I'm asking all major crypto exchanges to block addresses of Russian users.
It's crucial to freeze not only the addresses linked to Russian and Belarusian politicians, but also to sabotage ordinary users.
— Mykhailo Fedorov (@FedorovMykhailo) February 27, 2022
The pleas from Federov may seem like a bridge too far, where Russian people are paying the consequences for the actions of their government, but Ukraine is in a desperate situation, and the pressure campaign is an asymmetrical advantage to Ukraine’s clear disadvantage on the battlefield. However, some are still not pleased with such measures, as they are arguably contrary to the core crypto tenets of immutability and neutrality.
Exchanges trying to blacklist ordinary Russians is as cruel as exchanges trying to blacklist ordinary Cubans or Palestinians.
Immoral, as they didn’t get to democratically elect their tyrannical leaders.

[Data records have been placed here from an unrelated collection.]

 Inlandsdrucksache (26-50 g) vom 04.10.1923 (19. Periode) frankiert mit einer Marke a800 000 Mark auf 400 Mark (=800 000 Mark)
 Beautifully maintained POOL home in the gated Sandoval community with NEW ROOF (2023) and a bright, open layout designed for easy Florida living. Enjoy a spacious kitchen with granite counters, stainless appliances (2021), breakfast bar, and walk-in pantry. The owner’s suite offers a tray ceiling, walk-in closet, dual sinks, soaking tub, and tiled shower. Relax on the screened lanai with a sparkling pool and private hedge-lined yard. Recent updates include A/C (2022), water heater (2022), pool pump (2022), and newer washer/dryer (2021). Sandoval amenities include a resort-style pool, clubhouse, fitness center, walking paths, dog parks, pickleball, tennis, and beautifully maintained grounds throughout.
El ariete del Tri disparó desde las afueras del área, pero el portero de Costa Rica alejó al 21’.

Thankfully, because Bitcoin can be used without ID, it can’t fully work.
— Alex Gladstein ⚡ (@gladstein) February 27, 2022
The Persistent Problem of Exchanges
“…whether you agree with Federov or not, this flaw existed before his tweet.”

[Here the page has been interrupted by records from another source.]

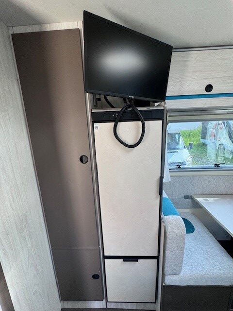 Options : Tv, Antenne satellite automatique, Caméra de recul, Clim moteur, Régulateur de vitesse, Autoradio, Alarme volumétrique, Panneau solaire, Clim de toit, Porte 2 vélos, Store extérieur …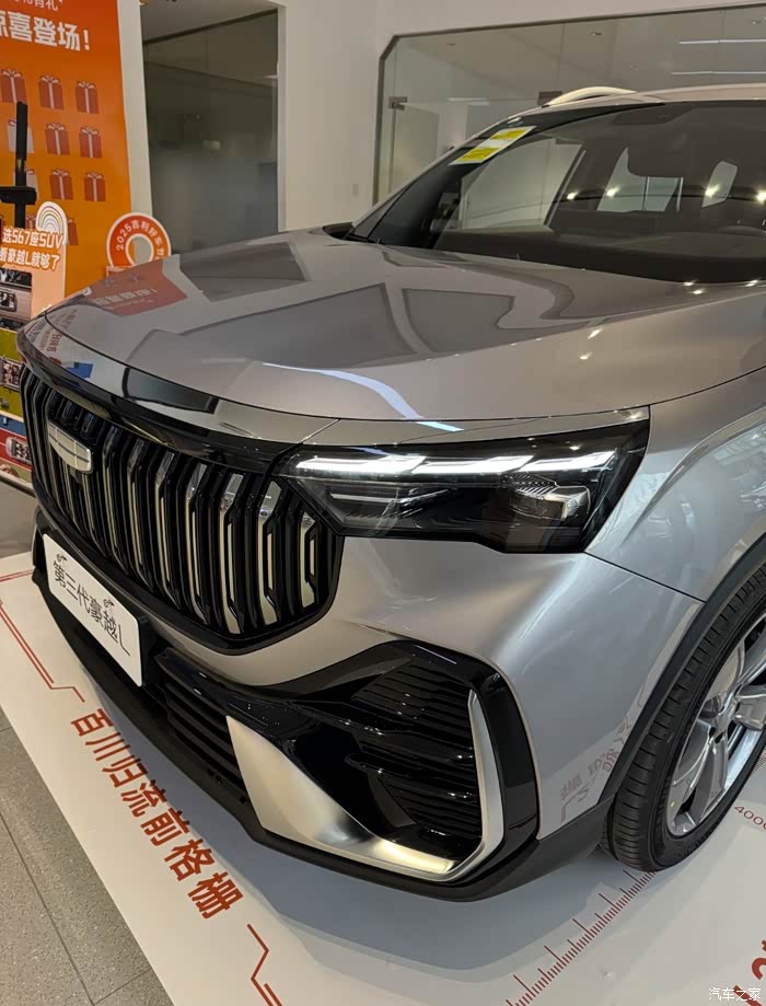 陪朋友去吉利4s店看车,他琢磨着买辆家用SUV,我就跟着试了把豪越L。说实话,之前网上看图觉得这车方头方脑的,实车看着倒挺大气,车头那个格栅面积是真不小。
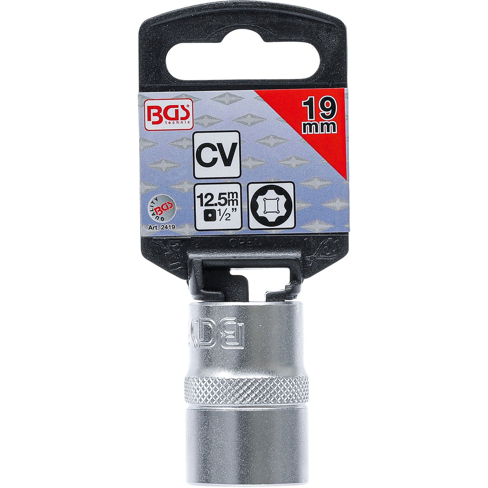 "BGS Steckschlüssel-Einsatz Super Lock Antrieb Innenvierkant 12,5 mm (1/2") SW 19 mm - 2419"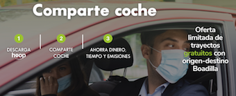 Boadilla del Monte se une al coche compartido. El Ayuntamiento ha puesto en marcha el proyecto #BoadillaComparteCoche, junto con la aplicación móvil Hoop Carpool, para que los vecinos y visitantes puedan compartir coche para ir al trabajo o para cualquiera de sus desplazamientos.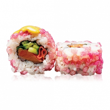 Karai padažas, laiškinis česnakas, mangai, rūkytas šamas, svogūnų laiškai, avokadas, sezamai, sūrio kremas, terijakis
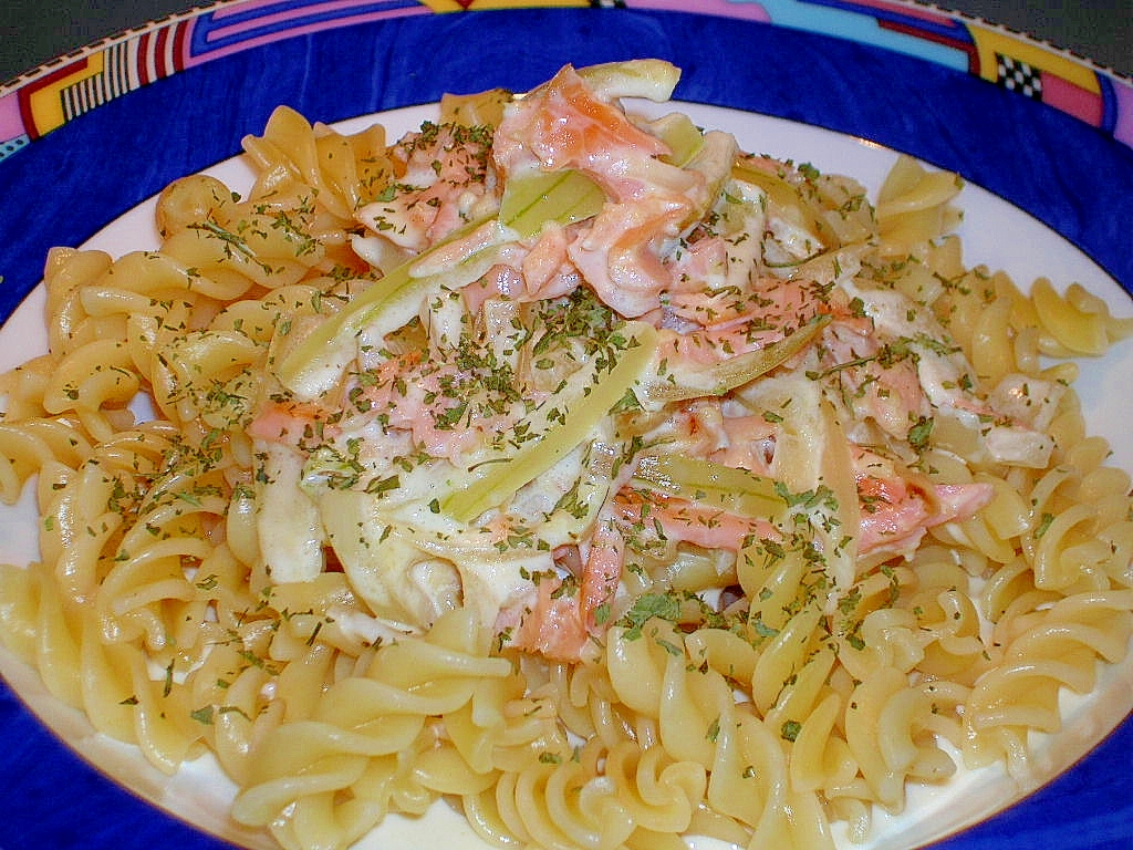 スモークサーモンの豆乳クリームチーズパスタ ふじたかなの いつも美味しい もの探し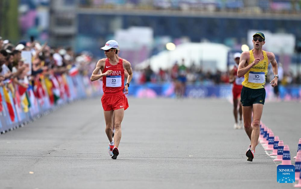Zhang Jun (L) of China competes during the marathon race walk relay mixed of Athletics at the Paris 2024 Olympic Games in Paris, France, Aug. 7, 2024. (Xinhua/Song Yanhua)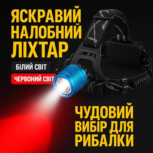Налобний ліхтар X-Balog Duo T6 із червоним і білим світлом яскравий діод T6 IPX4 акумуляторний 18650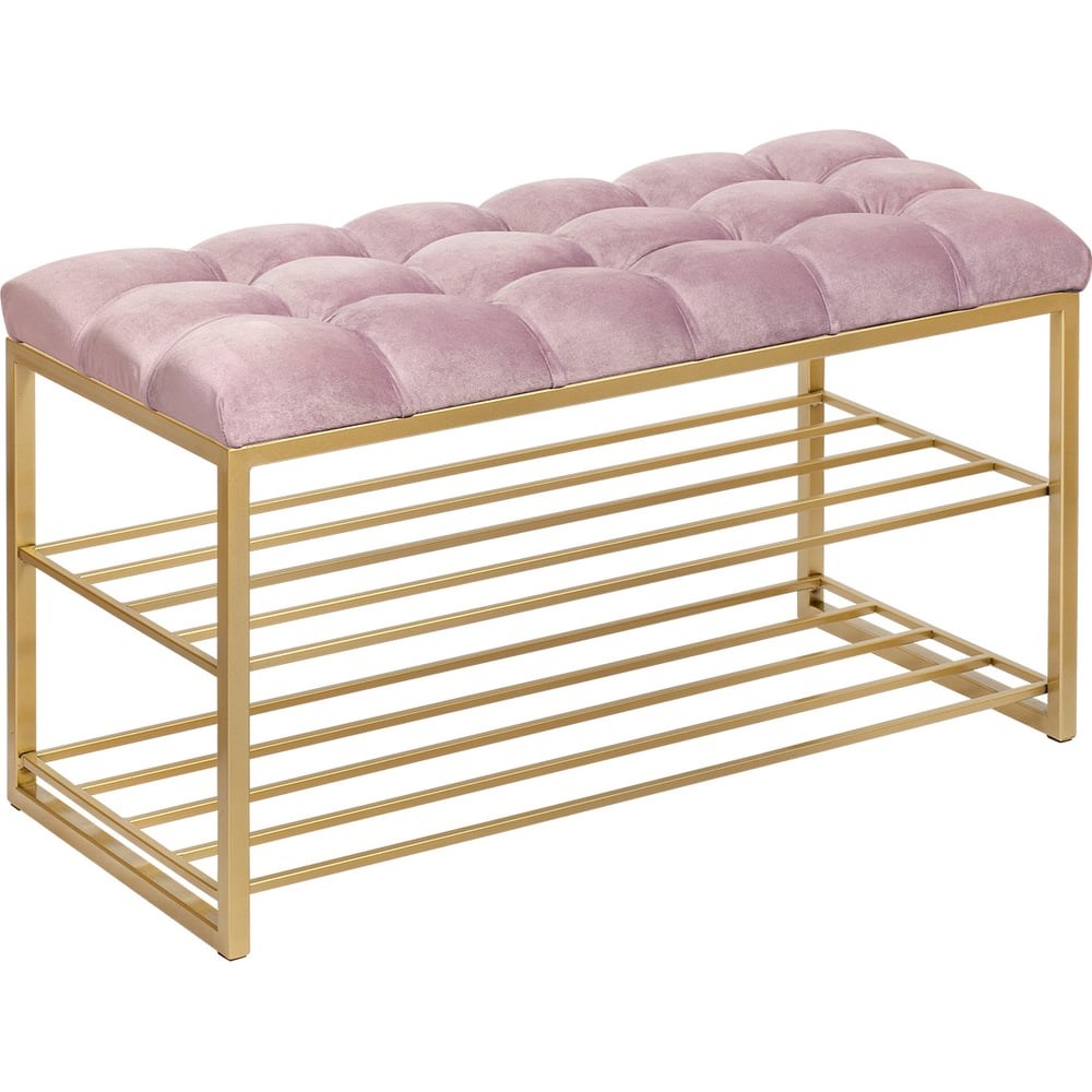 Обувница GARDA с золотым основанием и велюровой подушкой с каретной стяжкой. Стильная банкетка подойдет для прихожей, спальни, гостиной и кабинета. Обувница с сиденьем в прихожую не займет много места, но будет максимально функциональной благодаря двум полкам и скамье, обитой велюром. Основание обувницы изготовлено из стали с полимерным покрытием. Стальной каркас изготовлен из профильной трубы 20х20. Собственное производство обеспечивает надежность и эстетику сварных швов металлической мебели. Банкетка с велюровой подушкой отличается элегантным видом и комфортной посадкой. Мягкая обивка с высокой износостойкостью, прошла тест Мартиндейла — 35 000 циклов. Бархатистая ткань легко чистится от загрязнений, для ухода разрешена сухая и влажная чистка. Металлический каркас выдерживает суммарный вес до 160 кг, а порошковая окраска на собственном производстве гарантирует долговечное использование и устойчивость к внешним повреждениям. Стильная банкетка-пуф без спинки с мягким сидением и полкой для обуви подойдет для прихожей, спальни, гостиной, кухни и кабинета. Отлично будет смотреться в качестве прикроватной банкетки для дома. Можно разместить в офисе, зале, салоне, фотостудии, гостинице, баре, клубе, кафе и ресторане. Банкетка отлично сочетается со стеллажами KARIN и пуфами OMEGA. Банкетку-обувницу доставляем в собранном виде в надежной упаковке.

However, centralized exchanges never participated in the immutability or neutrality of crypto. They are the on-ramps and checkpoints where you have to hand over your ID to get across to the other side. So in that way, Federov’s calls for a ban is nothing too out of the ordinary, because centralized exchanges can ban whomever they want anyways. In fact, Tether can and does blacklist addresses and wallets, so does Circle and USDC.
There are no native on and off-ramps to get back into cash or deposit cash. So the only way around this is basically a circular economy where users never get out of crypto and custody it off of centralized exchanges. Otherwise, the centralized exchange problem will always be a thorn for crypto, whether you agree with Federov or not, this flaw existed before his tweet.

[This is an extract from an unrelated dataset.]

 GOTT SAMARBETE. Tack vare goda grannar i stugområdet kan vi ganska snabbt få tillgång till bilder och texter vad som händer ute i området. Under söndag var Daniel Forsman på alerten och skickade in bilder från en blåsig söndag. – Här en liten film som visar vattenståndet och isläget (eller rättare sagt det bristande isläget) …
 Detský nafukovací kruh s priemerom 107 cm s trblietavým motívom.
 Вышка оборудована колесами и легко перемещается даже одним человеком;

So blocking, for example, Ilya from Moscow, 21y old IT student who uses crypto to bypass the RU regime control and authority will somehow help Ukraine? Honest question, if you care to explain it to me.
— Nikola (@Nikola93630292) February 27, 2022
As the above tweet indicates, people in Russia are actually using crypto to escape the pitfalls of their own government, so this type of action by exchanges could potentially bolster the power of the Kremlin. Unfortunately, this development has turned a wholesome and unified response, in the form of millions of dollars of bitcoin, USDT, and ethereum donated into a situation causing bitter responses on both sides.
The call to withdraw crypto from exchanges is of course being widely shared, as it usually is, but then again as mentioned above, it makes cashing in and out unrealistic and would only would in a circular economy where crypto is used peer-to-peer. When you think about it though, wasn’t that the whole intent of Satoshi’s white-paper? Maybe this is a lesson for all that adoption means regulation and regulation means centralization.
As Thomas Sowell brilliantly stated: “There are no solutions, only trade-offs.”